I have been asked the question "Can I just add some liquid lactic acid, like I use for facial peels, to my soap after the cook to make it more fluid?" several times this week so I thought I would take the time to answer.

It is certainly possible to add various ingredients and acids to your soap, but adding unregulated amounts of different strength liquid acid facial peel treatments, should not be one of them. There is currently some information circulating the internet and Facebook groups that yogurt only decreases the viscosity of cooked soap because it has lactic acid in it. This philosophy that yogurt only makes soap more fluid because of its lactic acid content is flawed.

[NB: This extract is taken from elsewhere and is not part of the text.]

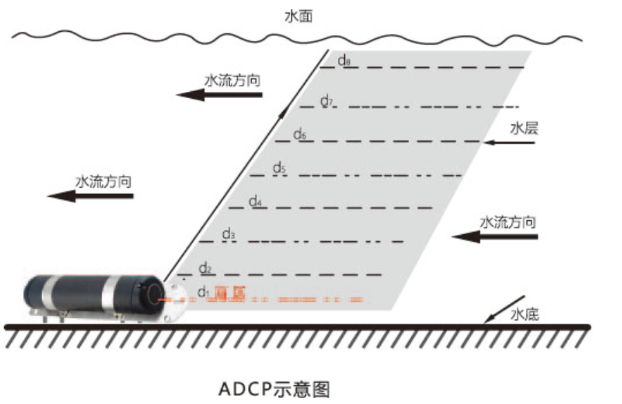 多普勒流速剖面仪利用多普勒效应某一个声源(超声波)发出的声波被另一个接收体(水中的悬浮物)反射如果该声源相对于接收体是移动的,接收体接收到的声波频率将会与声源的发射频率有差异测量频差,可计算得到水流的速度。超声波传播距离,与超声波频率有关,与水中的悬浮颗粒的含量有关,含沙量仅仅吸收声能,并不改变超声波的传播速度和多普勒频移,所以并不影响测量精度。
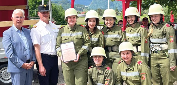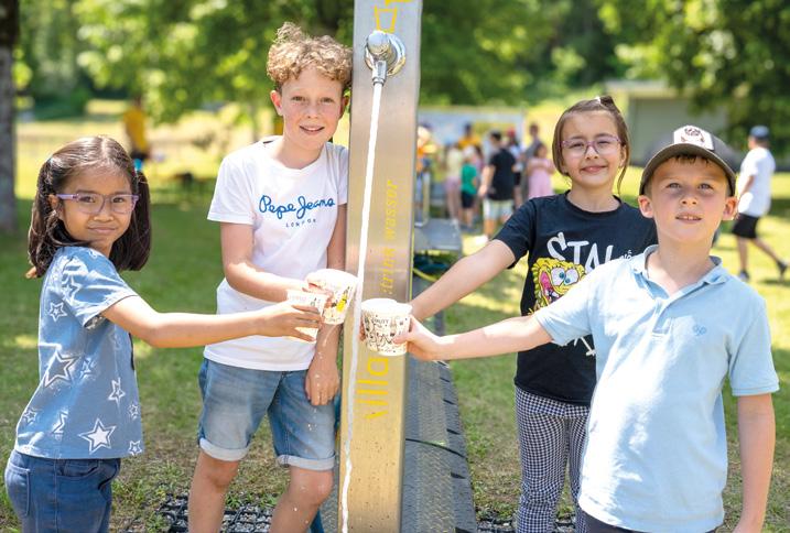 TRINKWASSERTAG. Trotz des hochsommerlichen Wetters konnten Stadtrat Erwin Baumann und das engagierte Team des Wasserwerks unter der Leitung von Peter Weiß viele interessierte Besucherinnen aller Altersgruppen beim Trinkwassertag am Hochbehälter auf der Oberen Fellach begrüßen und informieren. Der Naturpark Dobratsch, die Feuerwehr und das Wassermobil waren einige der Stationen, an denen sich die Besucher:innen informierten. Auch mehr als 400 Schulkinder erfuhren viel Wissenswertes über das Villacher Trinkwasser und dessen Schutz und hatten viel Spaß in Wettbewerben.

Yogurt consists of anywhere from 80-95% water. This high water concentration is the primary reason it decreases the viscosity of soap when added after the cook. Many people add 1-2 TBSP PPO (per pound oil). One TSBP is equivalent to approximately 0.50 ounces or .45oz water from the yogurt (90% water yogurt). If your 1lb recipe made with 38% water concentration calls for 6oz and you add another .50 to 1 full ounce, thats a LOT of extra moisture! To find a replacement for yogurt, you can pretty much use any other liquid. I have found that suspended and/or creamier liquids are often easier to mix (compared to water) which include sour cream, dairy milk, almond milk, coconut yogurt, and the like. Adding these liquids after being heated will help even more. Remeber, never add cold ingredients to hot process soap because it increases the rate of change in soap phases.

Yogurt has multiple acids, including like lactic, citric, acetic, formic and more which creates acidic pH. Many other additives, even vegan additives, will also have an acidic pH. Milk has a pH of 6.7 and coconut yogurt has a pH 5.2. If your other liquid sources have an alkaline or neutral pH, you can add a very small amount of powdered beet lactic acid or citric acid but this isn't often required. I do make an almond milk and beet lactic acid solution at times but I do so with intention and additional goals in mind, not simply "adding lactic acid for fludity".

Acids After the Cook

When you add an acid to a base, like when we add lye (base) to our oils (fatty acids), you get a salt. When you add stronger acids to a weaker salt, some of the weaker acids will get displaced. If you add a stronger acid to your finished soap, it will displace some of the weaker acids and will result in free fatty acids or an increased superfat. If too much of a strong acid is added to soap, it will create a very mushy bar of soap because of this and it is one of the reasons why we can't "just add some acids" after the cook to "lower the soap pH".

This process of acidification naturally happens without the addition of any extra additives as our soaps are cured. Carbon dioxide is acidic in nature and when soap is exposed to the air, acidification occurs which lowers the pH.

Lactic Acid to Sodium Lactate

Pure lactic acid is a potent acid and can cause major skin damage and permanent scarring/discoloration if not used properly. I would not recommend for beginners in soap making or for use by untrained skin professionals as part of a skin care regimine.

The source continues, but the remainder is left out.